*Exercise objective*
The lines to reproduce from the material below are those from the one containing "まずは以下のようにシンプルに" through the one containing "Зимнее волшебство, Китай", both included; write them out exactly and add nothing.

*Dataset*

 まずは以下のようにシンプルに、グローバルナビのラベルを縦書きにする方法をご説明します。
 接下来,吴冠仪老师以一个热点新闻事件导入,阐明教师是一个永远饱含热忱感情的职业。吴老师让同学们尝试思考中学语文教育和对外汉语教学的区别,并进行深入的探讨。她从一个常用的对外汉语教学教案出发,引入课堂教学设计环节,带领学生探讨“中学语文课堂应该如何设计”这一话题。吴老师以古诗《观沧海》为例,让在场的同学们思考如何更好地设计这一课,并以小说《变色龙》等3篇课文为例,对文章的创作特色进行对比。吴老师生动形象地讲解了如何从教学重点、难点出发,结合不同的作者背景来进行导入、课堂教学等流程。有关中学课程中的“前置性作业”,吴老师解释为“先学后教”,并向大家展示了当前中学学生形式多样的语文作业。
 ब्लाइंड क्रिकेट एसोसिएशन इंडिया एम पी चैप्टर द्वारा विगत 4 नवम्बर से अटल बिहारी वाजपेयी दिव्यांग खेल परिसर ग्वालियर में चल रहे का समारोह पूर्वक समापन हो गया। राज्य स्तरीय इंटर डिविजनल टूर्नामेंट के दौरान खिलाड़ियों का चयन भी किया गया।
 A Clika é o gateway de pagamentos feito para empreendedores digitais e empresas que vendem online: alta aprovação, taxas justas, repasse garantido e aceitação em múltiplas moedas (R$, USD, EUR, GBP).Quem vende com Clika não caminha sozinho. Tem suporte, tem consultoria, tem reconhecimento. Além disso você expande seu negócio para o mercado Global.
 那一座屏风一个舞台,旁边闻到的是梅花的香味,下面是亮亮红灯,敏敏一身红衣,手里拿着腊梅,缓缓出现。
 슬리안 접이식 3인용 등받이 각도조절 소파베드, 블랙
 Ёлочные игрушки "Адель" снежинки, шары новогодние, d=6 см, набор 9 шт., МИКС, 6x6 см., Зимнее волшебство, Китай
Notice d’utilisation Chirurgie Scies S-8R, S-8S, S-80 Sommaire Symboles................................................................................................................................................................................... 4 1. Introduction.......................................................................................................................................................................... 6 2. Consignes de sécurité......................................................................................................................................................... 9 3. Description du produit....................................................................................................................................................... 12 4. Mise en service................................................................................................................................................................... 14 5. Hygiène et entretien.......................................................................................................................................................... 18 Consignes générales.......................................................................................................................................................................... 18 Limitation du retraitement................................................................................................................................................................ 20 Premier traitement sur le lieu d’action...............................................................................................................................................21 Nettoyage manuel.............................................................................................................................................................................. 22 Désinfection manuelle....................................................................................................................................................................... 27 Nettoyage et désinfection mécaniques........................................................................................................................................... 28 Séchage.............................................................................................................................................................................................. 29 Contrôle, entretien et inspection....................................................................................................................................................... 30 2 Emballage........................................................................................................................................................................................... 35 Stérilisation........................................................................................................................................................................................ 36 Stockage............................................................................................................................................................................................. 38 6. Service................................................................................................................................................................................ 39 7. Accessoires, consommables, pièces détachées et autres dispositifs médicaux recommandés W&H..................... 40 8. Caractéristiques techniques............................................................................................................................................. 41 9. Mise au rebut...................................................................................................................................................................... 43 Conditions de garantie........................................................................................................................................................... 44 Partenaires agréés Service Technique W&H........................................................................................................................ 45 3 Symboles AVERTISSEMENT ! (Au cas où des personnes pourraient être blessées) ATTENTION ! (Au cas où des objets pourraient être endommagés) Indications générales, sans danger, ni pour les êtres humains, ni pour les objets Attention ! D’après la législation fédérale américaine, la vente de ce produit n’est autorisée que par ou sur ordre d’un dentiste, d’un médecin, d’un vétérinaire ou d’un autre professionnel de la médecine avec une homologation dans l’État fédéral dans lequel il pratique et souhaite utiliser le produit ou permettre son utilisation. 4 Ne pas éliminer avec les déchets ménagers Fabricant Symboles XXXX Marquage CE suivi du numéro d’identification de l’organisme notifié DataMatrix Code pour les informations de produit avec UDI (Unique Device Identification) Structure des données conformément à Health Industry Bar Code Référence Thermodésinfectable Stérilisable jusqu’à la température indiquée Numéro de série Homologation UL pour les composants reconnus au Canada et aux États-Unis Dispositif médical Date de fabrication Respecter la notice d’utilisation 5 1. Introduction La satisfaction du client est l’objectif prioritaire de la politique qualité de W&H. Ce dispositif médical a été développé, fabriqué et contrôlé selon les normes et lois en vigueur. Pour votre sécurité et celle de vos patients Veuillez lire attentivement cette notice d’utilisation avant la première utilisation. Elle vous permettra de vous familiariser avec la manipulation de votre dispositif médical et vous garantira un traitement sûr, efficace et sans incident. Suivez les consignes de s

...

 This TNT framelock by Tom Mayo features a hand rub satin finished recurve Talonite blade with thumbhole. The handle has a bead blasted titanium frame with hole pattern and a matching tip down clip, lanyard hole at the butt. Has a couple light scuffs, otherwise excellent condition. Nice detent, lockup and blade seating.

==

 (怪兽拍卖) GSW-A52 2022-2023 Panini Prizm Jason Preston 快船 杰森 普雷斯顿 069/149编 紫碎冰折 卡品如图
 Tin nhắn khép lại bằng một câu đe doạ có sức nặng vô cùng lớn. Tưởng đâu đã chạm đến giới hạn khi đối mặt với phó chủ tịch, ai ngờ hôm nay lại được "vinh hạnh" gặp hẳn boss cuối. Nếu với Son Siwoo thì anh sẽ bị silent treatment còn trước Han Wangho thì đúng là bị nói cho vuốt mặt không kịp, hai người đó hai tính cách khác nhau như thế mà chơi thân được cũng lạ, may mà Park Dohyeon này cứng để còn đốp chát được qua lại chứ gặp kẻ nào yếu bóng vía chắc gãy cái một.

*The completed task*
 まずは以下のようにシンプルに、グローバルナビのラベルを縦書きにする方法をご説明します。
 接下来,吴冠仪老师以一个热点新闻事件导入,阐明教师是一个永远饱含热忱感情的职业。吴老师让同学们尝试思考中学语文教育和对外汉语教学的区别,并进行深入的探讨。她从一个常用的对外汉语教学教案出发,引入课堂教学设计环节,带领学生探讨“中学语文课堂应该如何设计”这一话题。吴老师以古诗《观沧海》为例,让在场的同学们思考如何更好地设计这一课,并以小说《变色龙》等3篇课文为例,对文章的创作特色进行对比。吴老师生动形象地讲解了如何从教学重点、难点出发,结合不同的作者背景来进行导入、课堂教学等流程。有关中学课程中的“前置性作业”,吴老师解释为“先学后教”,并向大家展示了当前中学学生形式多样的语文作业。
 ब्लाइंड क्रिकेट एसोसिएशन इंडिया एम पी चैप्टर द्वारा विगत 4 नवम्बर से अटल बिहारी वाजपेयी दिव्यांग खेल परिसर ग्वालियर में चल रहे का समारोह पूर्वक समापन हो गया। राज्य स्तरीय इंटर डिविजनल टूर्नामेंट के दौरान खिलाड़ियों का चयन भी किया गया।
 A Clika é o gateway de pagamentos feito para empreendedores digitais e empresas que vendem online: alta aprovação, taxas justas, repasse garantido e aceitação em múltiplas moedas (R$, USD, EUR, GBP).Quem vende com Clika não caminha sozinho. Tem suporte, tem consultoria, tem reconhecimento. Além disso você expande seu negócio para o mercado Global.
 那一座屏风一个舞台,旁边闻到的是梅花的香味,下面是亮亮红灯,敏敏一身红衣,手里拿着腊梅,缓缓出现。
 슬리안 접이식 3인용 등받이 각도조절 소파베드, 블랙
 Ёлочные игрушки "Адель" снежинки, шары новогодние, d=6 см, набор 9 шт., МИКС, 6x6 см., Зимнее волшебство, Китай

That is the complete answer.